The test function iterates through all the prompts in the test set and encodes them from string to token IDs and runs it through the correct device.

It then generates the response based on the given parameters. max_new_tokens which sets the max generation length to 200, allows for sufficient full explanation of response. top_k which filters to the top 200 tokens, prevents unlikely tokens from being sampled. As for the temperature we played around with different temperatures varying from 0.1 (more deterministic) to 0.9 (more diverse), checking which gives the best performance.

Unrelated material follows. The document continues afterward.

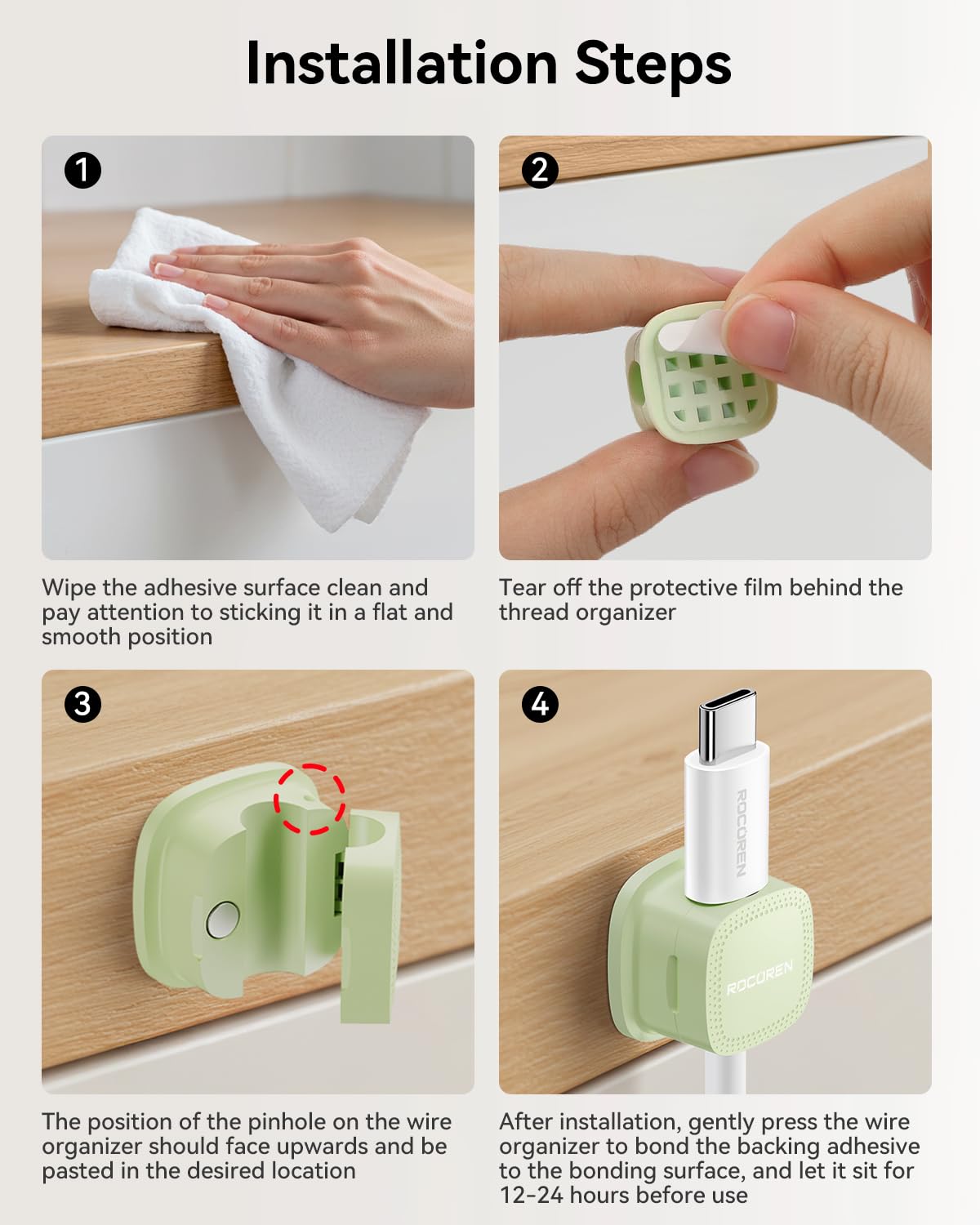 - High-Strength ABS Material:Rocoren magnetic cable management Passed 2000 gravity cycle tests (Lab-Tested Durability), the durability of the rubber material is 200% improved, and it is impact-resistant and corrosion-resistant. Installation tips: Please use alcohol cotton to clean the surface before use, press for 30 seconds to activate the glue, and let it stand for 12-24 hours to achieve the best viscosity (Maximum Adhesion).

The decoder extracts the tensors and places them into a python list, while the token IDs are converted back into strings. Finally, displaying the responses.


In [None]:
# Load the fine-tuned model
ckpt_path = "../dpo/dpo_epoch12.pt"
checkpoint = torch.load(ckpt_path, map_location=device)
gptconf = GPTConfig(**checkpoint['model_args'])
gpt = GPT(gptconf).to(device)
try:
    state_dict = checkpoint['model']
except:
    state_dict = checkpoint['model_state_dict']
unwanted_prefix = '_orig_mod.'
for k,v in list(state_dict.items()):
    if k.startswith(unwanted_prefix):
        state_dict[k[len(unwanted_prefix):]] = state_dict.pop(k)
gpt.load_state_dict(state_dict)
# Test
gpt.eval()
test_set = ["17+19=?", "3*17=?", "72/4=?", "72-x=34,x=?", "x*11=44,x=?", "3*17=?", "72/4=?", "72-x=34,x=?"]
# test_set = [
#     "25+18=?",
#     "56-27=?",
#     "9*12=?",
#     "84/7=?",
#     "x+45=90,x=?",
#     "63-x=22,x=?",
#     "x*6=54,x=?",
#     "88/11=?"
# ]

with torch.no_grad():
    for prompt in test_set: 
        # prompt_ids = encode(prompt)
        prompt_ids = torch.tensor([encode(prompt)], dtype=torch.long, device=device)
        output = gpt.generate(
            prompt_ids,
            max_new_tokens=max_new_tokens,
            temperature=0.01,
            top_k=200
        )
        result = decode(output[0][0].tolist())
        print(f"Prompt: {prompt}\nModel Output: {result}\n")

Prompt: 17+19=?
Model Output: 17+19=? The answer is 188 because 17+191 equals 18.

Prompt: 3*17=?
Model Output: 3*17=? x=? The answer is 1 because 3/1 equals 1.

Prompt: 72/4=?
Model Output: 72/4=? x=? The answer is 8 because 72/1 equals 88.

Prompt: 72-x=34,x=?
Model Output: 72-x=34,x=? The answer is 69 because 72-3 equals 69.

Prompt: x*11=44,x=?
Model Output: x*11=44,x=? The answer is 44 because 44/1 equals 44.

Prompt: 3*17=?
Model Output: 3*17=? x=? The answer is 1 because 3/1 equals 1.

Prompt: 72/4=?
Model Output: 72/4=? x=? The answer is 8 because 72/1 equals 88.

Prompt: 72-x=34,x=?
Model Output: 72-x=34,x=? The answer is 69 because 72-3 equals 69.